Her expression said: ’that sentence made no sense and I refuse to examine why my brain just went completely blank.’
Her thighs said something else entirely.
She pressed them together — just slightly, involuntarily — a small adjustment her body made without her permission. The same thing it had been doing for seventeen days every time her mind reached back, the way it always did against her explicit instructions, to that hallway.
His hands through her blouse. The thick-palmed press of his fingers against the curve of her breast — not hurried, not clumsy, just claiming, like he was reminding her that her body existed. The way his other hand had found the seam of her through her skirt fabric and ’rubbed’ — slow, deliberate, circular — until her own hips had moved without her telling them to and she’d hated herself for it.
The second time. Against the wall. His mouth over hers.
’That’ kiss.
The way her knees had simply ceased to function.
The waking up in her own bed with his handwriting burning violet through two coats of paint.
Her heartbeat was loud now. Louder than the fountain.
He noticed.
Of course he noticed.
His smirk arrived like something inevitable.
"Come," he said.
He moved toward the large oak near the eastern wall — old enough that its roots had lifted the stone path beside it into a gentle ridge, its canopy spreading wide and dark against the evening sky. He reached it first, turned around, and sat down at its base with his back against the trunk like he was settling in for something he’d already decided the outcome of. 𝚏𝗿𝗲𝐞𝐰𝚎𝕓𝐧𝚘𝘃𝗲𝐥.𝐜𝚘𝕞
She followed. Because her feet were doing things her brain hadn’t approved.
"What are you doing?" she said, stopping in front of him.
He looked up at her.
The angle was direct. She knew the instant his gaze settled that the short skirt — which had been a woman’s attempt to dress her into belonging at a table she’d never belonged at — was doing exactly nothing from this angle. The white cotton of her underwear was clearly, plainly, entirely visible.
"Still wearing those," he said, "white, childish panties."

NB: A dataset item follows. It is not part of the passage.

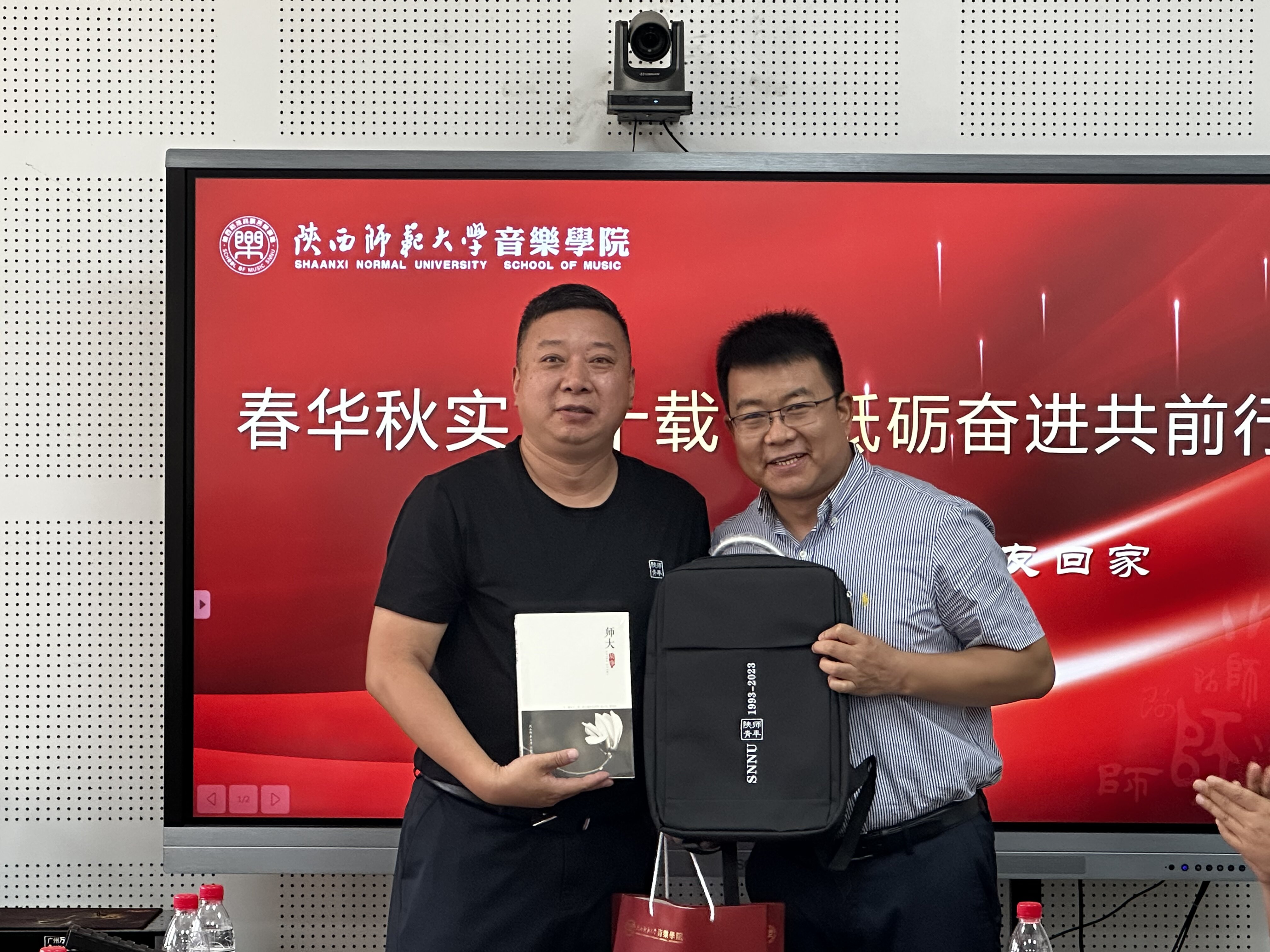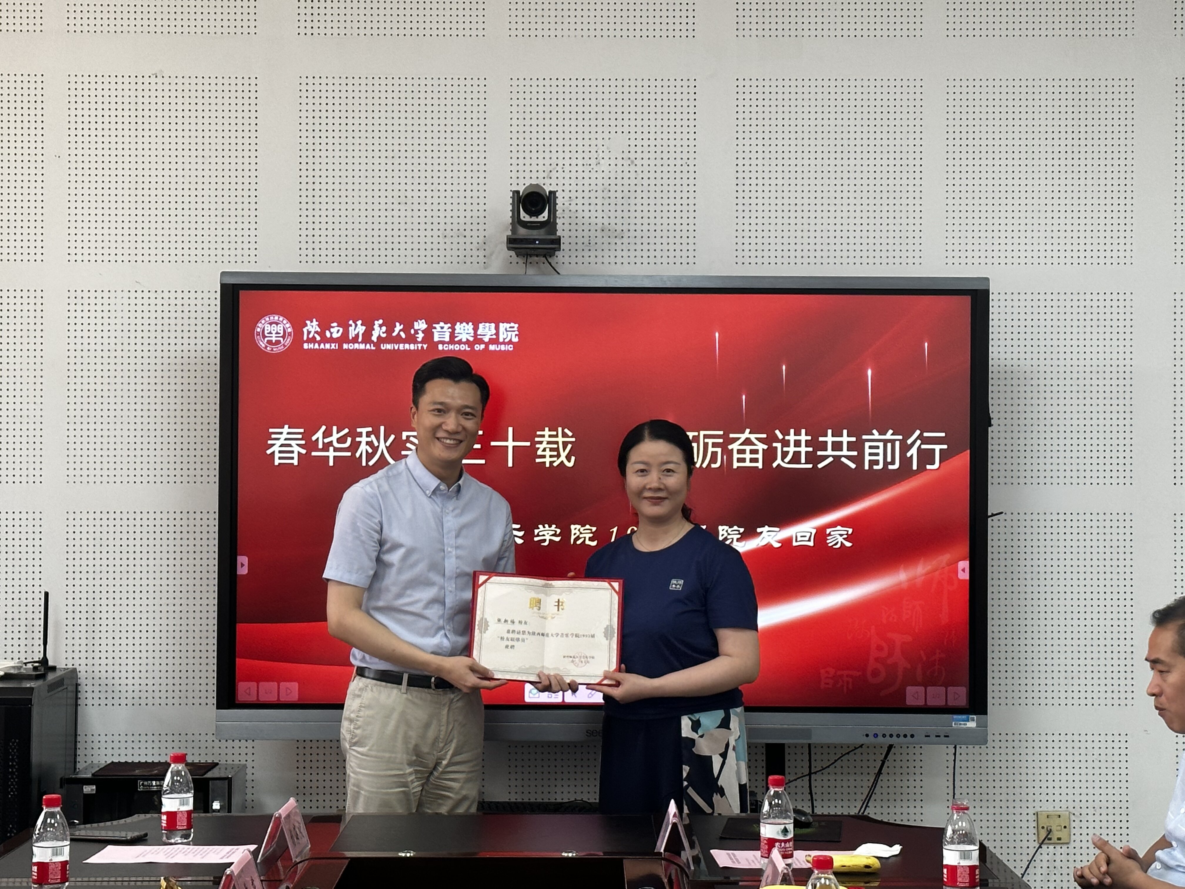 党委书记范玮熠为1993届员工联络员张新梅颁发聘书。经理黄键代表公司为1993届员工赠送了纪念品,每一份纪念品都承载着公司对1993届员工的美好祝福。副经理郭元代表公司接受员工为公司赠送的纪念品——高低音谱号的雕塑,象征着公司对一代代音乐学子的孕育培养。

The flush from before had barely receded. It came roaring back.
Marla’s hands flew to her skirt, pressing it flat against her thighs, stepping back.
"’You pervert,’" she said.
He reached up.
His fingers caught the hem of her skirt — not roughly, just precisely — and pulled.
The fabric shifted. The tension in the waistband, which had been fighting against the inadequacy of its own sizing all evening, simply gave up. The decorative side straps snapped clean with a flat, final ’crack’.
The skirt pooled around her knees instantly.
Marla’s hands flew to her chest on pure instinct. She crossed her arms over her bra — the structured dark one that had been doing its best all night with her chest — and her mouth opened and no sound came out for two full seconds.
"What are you—" She finally found her voice, sharp and barely contained. Her head snapped sideways — students twenty meters away, the couple at the fountain, the undergraduates cutting across the grass—
Before she could calculate the geometry of disaster, his hand was at her waistband again.
The tug on her panty was quick. The elastic pulled outward, revealing the dark, thick thatch of her pubic hair above the white cotton — dense and natural and completely unplanned for public viewing — before he released it with a soft snap back against her skin.
She made a sound.
Not a word. Just a sound.
He grabbed her wrist before she could step back, guiding her down — and her knees folded with more cooperation than she’d have admitted to, dropping onto the grass at his level, her face suddenly close to his, her eyes wide and wet at the edges in a way she absolutely refused to acknowledge.
"I saved you tonight," he said, his voice low and even. Not smug. Not theatrical. Like he was stating the foundation of an argument. "From every one of them. Pulled you out of a room that would have done things to you that you’d have spent the rest of your life trying to unfeel."
Her jaw tightened.
"I know that," she said, through her teeth.
"A roof doesn’t stand without a pillar buried deep beneath it," he said. His dark eyes held hers without blinking. "May I bury mine?"